▶ Required action: Reproduce the listing in its entirety. Do not reproduce the pictures.
(Beginning of Material provided)
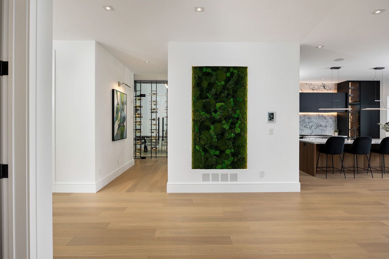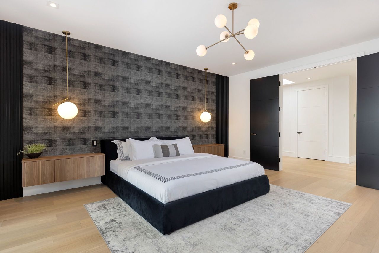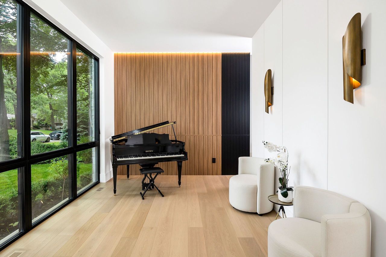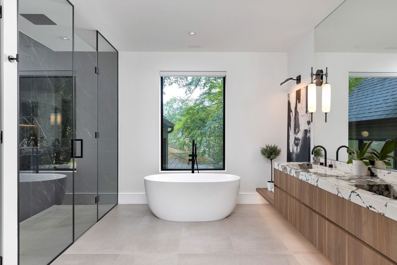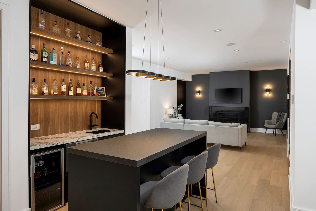 Welcome to a captivating living experience that transcends the ordinary! Newly custom-built residence offering over 7,450 sq ft of curated living space magnificently set on a 100 x 150 manicured lot with pool and triple car garage. This 4+1 bedroom, 6.1 bath home exudes elegance and refinement. The interplay of textures, materials, thoughtful finishes and detailing makes every room a showcase of modern luxury. At the heart of the home is the open concept kitchen featuring oversized commercial grade appliances with double oven, with a fully equipped hidden pantry room like none other. Finely crafted full height seamless cabinetry and a large quartz island make for an ideal entertainment space. The kitchen flows through the generous breakfast room into a light filled great room with 16 ft floor to ceiling windows and numerous sliders. Perhaps one of the most special features of this home is the stunning dining room located in a private wing adorned with a wine feature-wall, 16 ft ceiling, dedicated servery and expansive windows. The upper level offers a private double door entry to the primary suite. 5-piece en-suite with heated large format, porcelain tiles, curbless shower and freestanding bathtub. The walk-in closet featuring custom floor to ceiling seamless cabinetry with integrated lighting and smoked glass display shelving. 3 large bedrooms with walk-in closets and en-suites. A spacious laundry room with task sink and plenty of storage completes this floor. A sophisticated lower level with Radiant heat floors, oversized walk-up, bedroom with en-suite glass framed gym, steam shower, sauna, wet bar with all the fixings & a plush private theatre. Thoughtfully appointed outdoor living spaces including a covered porch with double sided fireplace, outdoor kitchen with large built in BBQ and salt water pool with 2 deck fountains. And exceptionally tasteful home with timeless modern appointments rooted in function, good taste, and expert craftsmanship.
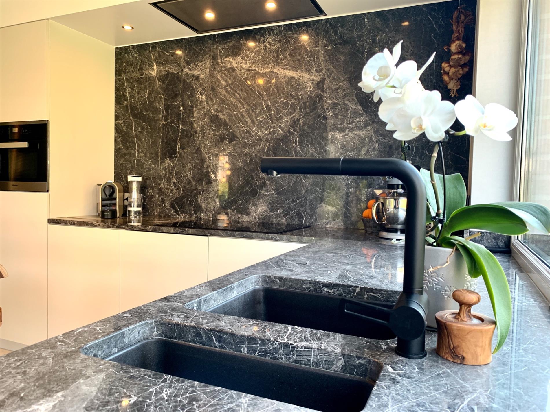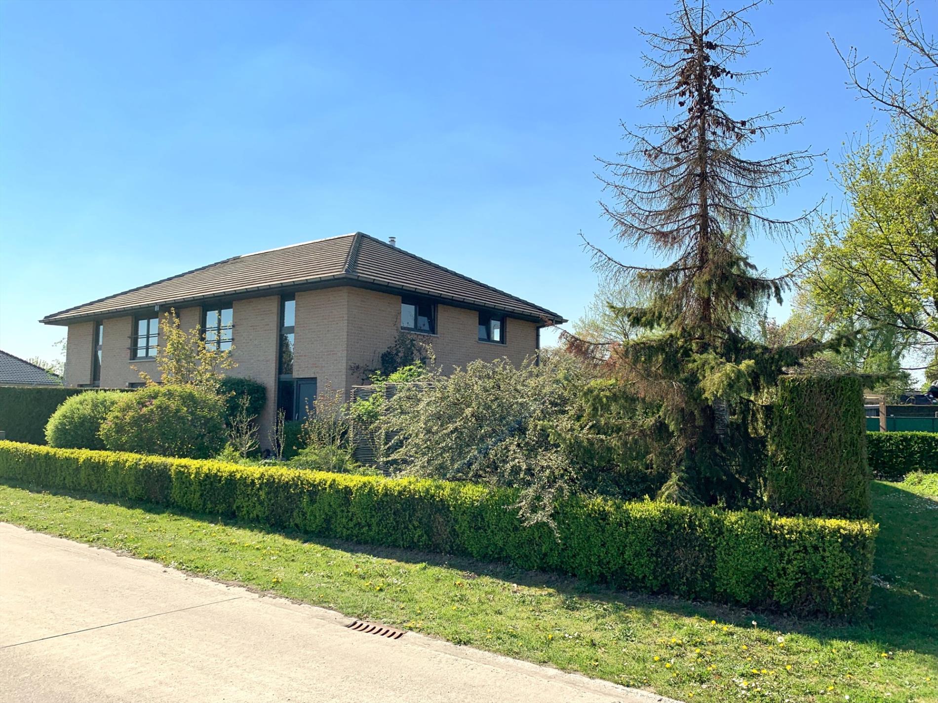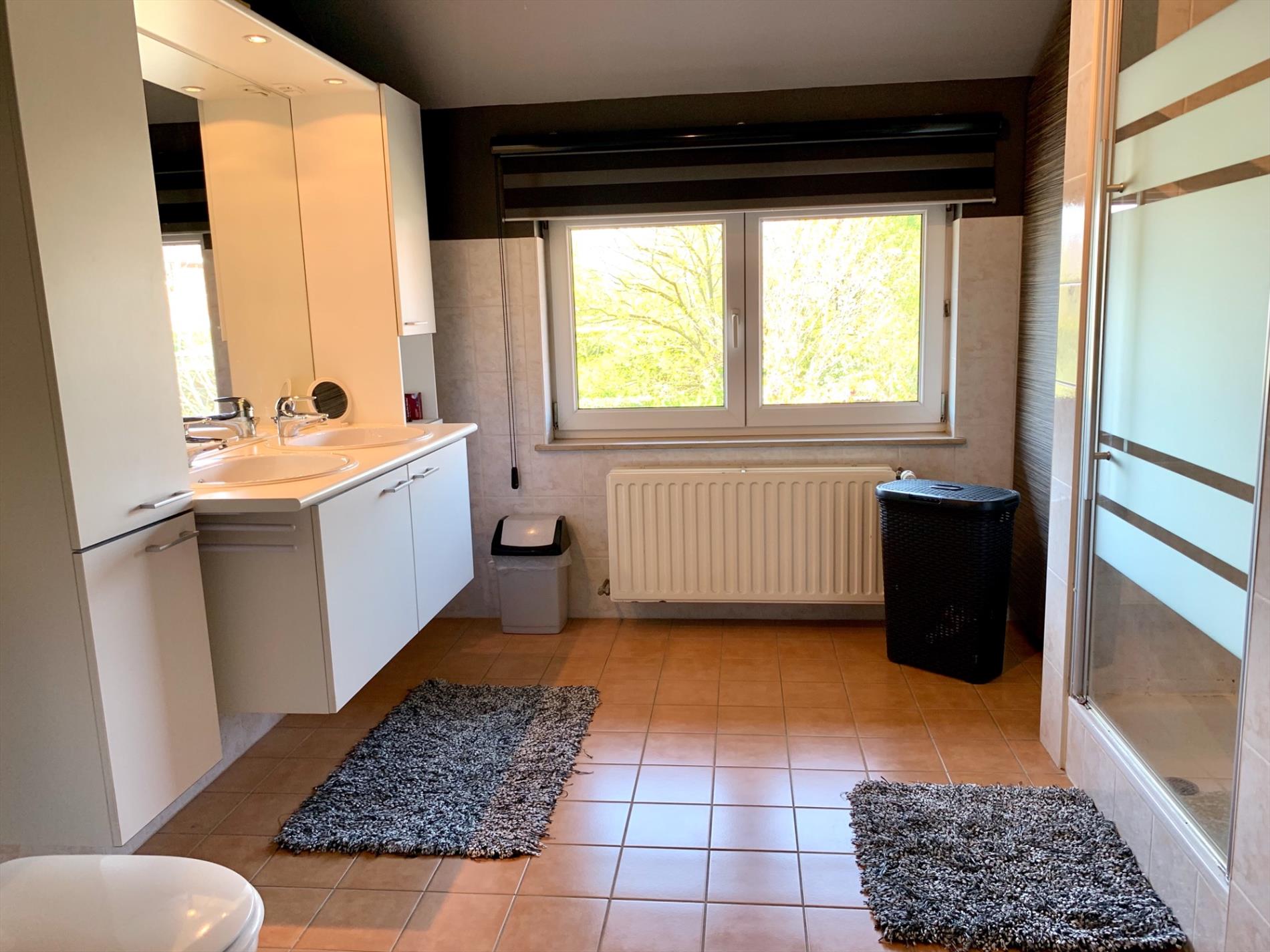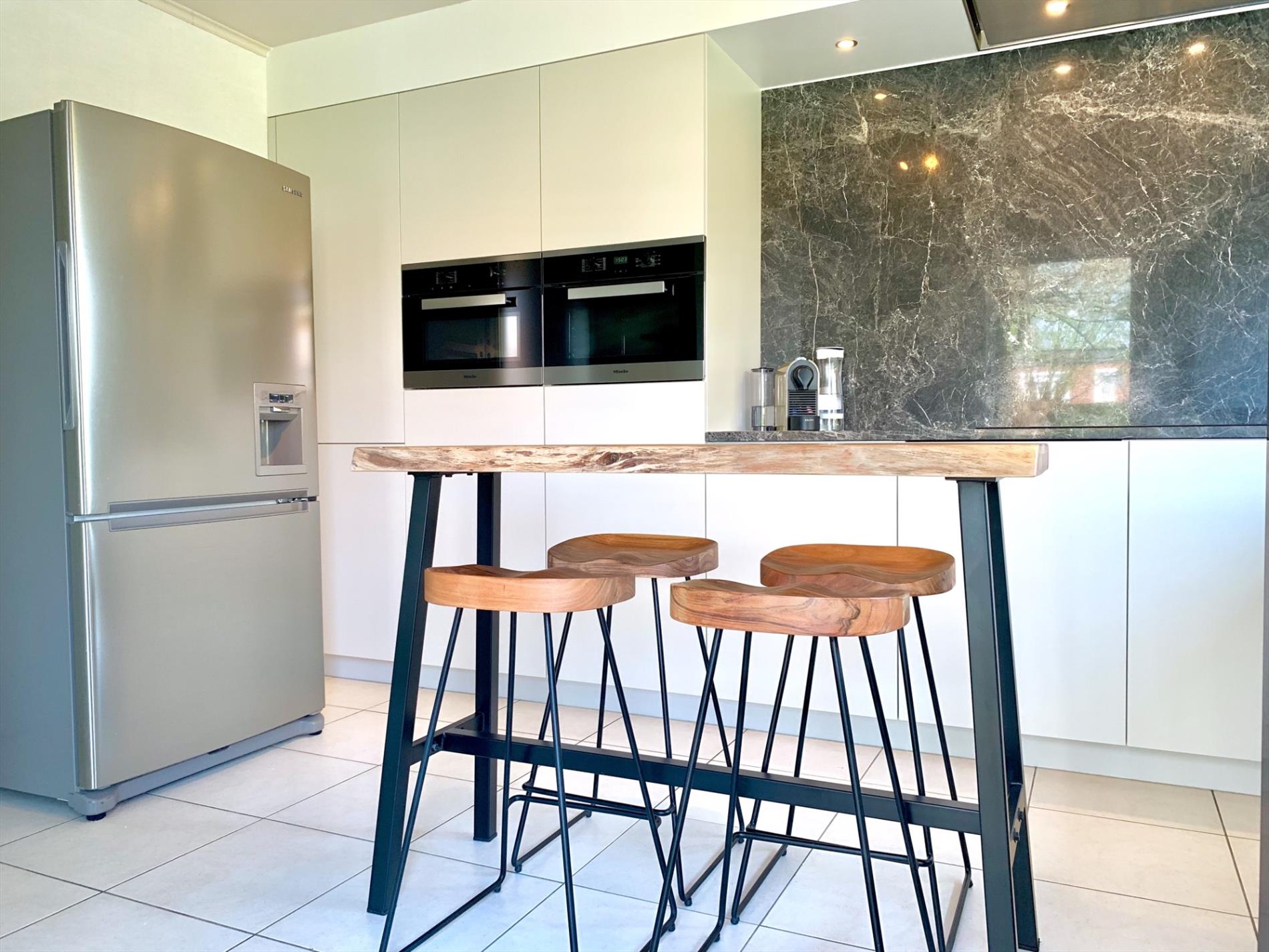 In de inkomhal bevindt zich het gastentoilet. De lichtrijke woonkamer heeft de hele dag door zon door de vele glaspartijen. Het absolute pareltje in deze woning is de magnifieke open keuken, deze is nog maar sinds vorig jaar geplaatst en bevat alle nodige toestellen. Ook de marmeren wand en werkblad, incl de ingebouwde spots zijn zeker een troef. De keuken is van hoogwaardige kwaliteit. Zowel van in de living als van hieruit kan u naar buiten. Aansluitend is een praktische ruime berging met ingemaakte kasten en loopt u door naar de garage.
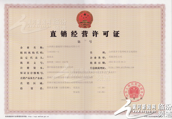 近日,国家商务部向山西琪尔康翅果生物制品有限公司颁发了“直销经营许可证”。这是我国颁发的第79个直销牌照,在我省是首家,也是目前仅有的一家荣获直销经营许可证的企业。这标志着山西琪尔康翅果生物制品有限公司进军直销行列,同时也填补了我省企业无直销经营许可证的空白。
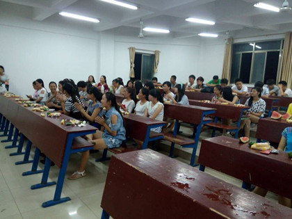 9月8日下午五点,武汉海天世纪领导与2014级海乘班同学在系议室共庆中秋佳节。学工主任贺建良、辅导员周春红、海天世纪领导及海乘班全体学生参加。
(End of Material provided)
▶ Response:
 Welcome to a captivating living experience that transcends the ordinary! Newly custom-built residence offering over 7,450 sq ft of curated living space magnificently set on a 100 x 150 manicured lot with pool and triple car garage. This 4+1 bedroom, 6.1 bath home exudes elegance and refinement. The interplay of textures, materials, thoughtful finishes and detailing makes every room a showcase of modern luxury. At the heart of the home is the open concept kitchen featuring oversized commercial grade appliances with double oven, with a fully equipped hidden pantry room like none other. Finely crafted full height seamless cabinetry and a large quartz island make for an ideal entertainment space. The kitchen flows through the generous breakfast room into a light filled great room with 16 ft floor to ceiling windows and numerous sliders. Perhaps one of the most special features of this home is the stunning dining room located in a private wing adorned with a wine feature-wall, 16 ft ceiling, dedicated servery and expansive windows. The upper level offers a private double door entry to the primary suite. 5-piece en-suite with heated large format, porcelain tiles, curbless shower and freestanding bathtub. The walk-in closet featuring custom floor to ceiling seamless cabinetry with integrated lighting and smoked glass display shelving. 3 large bedrooms with walk-in closets and en-suites. A spacious laundry room with task sink and plenty of storage completes this floor. A sophisticated lower level with Radiant heat floors, oversized walk-up, bedroom with en-suite glass framed gym, steam shower, sauna, wet bar with all the fixings & a plush private theatre. Thoughtfully appointed outdoor living spaces including a covered porch with double sided fireplace, outdoor kitchen with large built in BBQ and salt water pool with 2 deck fountains. And exceptionally tasteful home with timeless modern appointments rooted in function, good taste, and expert craftsmanship.
 In de inkomhal bevindt zich het gastentoilet. De lichtrijke woonkamer heeft de hele dag door zon door de vele glaspartijen. Het absolute pareltje in deze woning is de magnifieke open keuken, deze is nog maar sinds vorig jaar geplaatst en bevat alle nodige toestellen. Ook de marmeren wand en werkblad, incl de ingebouwde spots zijn zeker een troef. De keuken is van hoogwaardige kwaliteit. Zowel van in de living als van hieruit kan u naar buiten. Aansluitend is een praktische ruime berging met ingemaakte kasten en loopt u door naar de garage.
 近日,国家商务部向山西琪尔康翅果生物制品有限公司颁发了“直销经营许可证”。这是我国颁发的第79个直销牌照,在我省是首家,也是目前仅有的一家荣获直销经营许可证的企业。这标志着山西琪尔康翅果生物制品有限公司进军直销行列,同时也填补了我省企业无直销经营许可证的空白。
 9月8日下午五点,武汉海天世纪领导与2014级海乘班同学在系议室共庆中秋佳节。学工主任贺建良、辅导员周春红、海天世纪领导及海乘班全体学生参加。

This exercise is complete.